Japanese anime television series

Urikupen Kyūjotai (ウリクペン救助隊, Urikupen Kyūjotai) is a 1974 short anime television series produced by Tatsunoko Production and directed by Hiroshi Sasagawa. The series premiered on Fuji Television on September 30, 1974, and ended on March 29, 1975.

Much later in 1991, Saban Entertainment has licensed and adapted the anime series for a worldwide release outside of Japan under the name, Jungle Tales and has condensed the 132 5-minute (serialized) episodes into 22 half-hour episodes. The voice casting and the English language dubbing production was done in-house by CINAR Studios, Inc. in Montreal, Canada. It has been broadcast on YTV in Canada. Heavy changes were made to the adaptation dub of the series. One being such is a new music score that was all digitally composed and sampled with an E-mu Proteus 2 Orchestra synthesizer. Other changes involve different character names used and gender changes for two characters. At the end of each condensed episode, a 3-minute music video was added to summarize the episode's plot. Many foreign dubs of the anime series would be mere translations of the dub.

==Plot==
Set in the country of Urikupen kingdom, a rescue team consisting of animals goes onto missions to rescue forest animals in disastrous locations.
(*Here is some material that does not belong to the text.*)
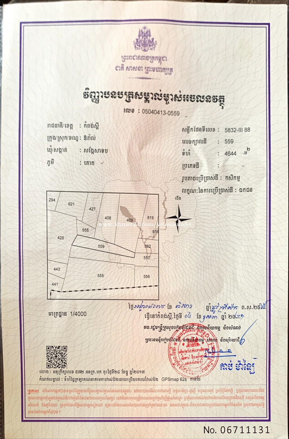 ជាប់ផ្លូវ44 គីឡូលេខ47-48 ក្បាលដី 117ម ទីតាំងល្អសម្រាប់រោងចក្រនិងទិញទុកចំណេញ ម្ចាស់ត្រូវការលុយសងគេ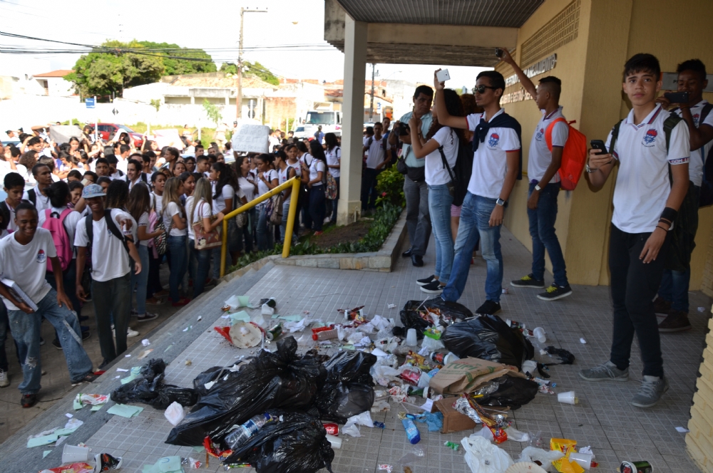 “A exemplo de todas as demais escolas da rede estadual, o Colégio D. Luciano está passando por uma grande problemática por falta de estrutura: toda a distribuição da merenda e a limpeza do prédio estão comprometidas. Estamos em ambiente insalubre, sem condições de desenvolver um trabalho pedagógico”, ressaltou o professor Ailton Feitosa. “Recolhemos o lixo do pátio e vamos entregar como presente ao secretário”, destacou o professor Émerson Calistro.

A mobilization scenario is shown once a week stating "this week's Lifetime Achievement Award" which is given to the rescue workers.

==Characters==

| Character Name(s) | Japanese / English Voice Actor |
|---|---|
| Boss Lion (ライオンのボス Raion no Bosu) / King Leo | Unknown / Aron Tager |
| Narrator (ナレーション Narēshon) | Rokurō Naya / Patricia Rodriguez |
| Seitaro Usagi (ウサギの征太郎 Usagi no Seitarō) / Rhonda Rabbit | Michie Kita / Sonja Ball |
| Gindai Pengin (ペンギンのギン太 Pengin no Gindai) / Pete Penguin | Tetsuo Mizutori / Rick Jones |
| Hachigorō Kuma (クマの八五郎 Kuma no Hachigorō) / Barney Bear | Shōji Satō / Gary Jewell |
| Rinrin Tsuru (ツルのリンリン Tsuru no Rinrin) / Petula Pigeon | Yōko Asagami / Jane Woods |
| Chocho Inoshishi (イノシシのチョチョ Inoshishi no Chocho) / Harry Hog | Unknown / Terrence Scammell |
| Mu Tonakai (トナカイのムーさん Tonakai no Mu-san) / Donny Dear | Unknown / Michael O'Reilly |
| Pinsuke Ritsu (ペンギンのギン太 Ritsu no Pinsuke) / Scooter Squirrel | Unknown / Rick Jones |
| Koara (コアラ Koara) / Koko Koala | Unknown / Sonja Ball |
| Wolf (ハングルフ Hangurufu) / Wolf Bain | Tetsuo Mizutori / Terrence Scammell |
| Condor (コンドル Kondoru) / Vic the Vulture | Unknown / Gary Jewell |
| Crow (カラス Karasu) / Jo-Jo Crow | Unknown / Terrence Scammell |

==Release==
The series was produced by Tatsunoko Production and directed by Hiroshi Sasagawa. The anime has been licensed by Saban Entertainment in North America.

The opening theme is "Ganbare! Urikupen Kyūjotai" by Ichirou Mizuki and Columbia Yurokago Kai.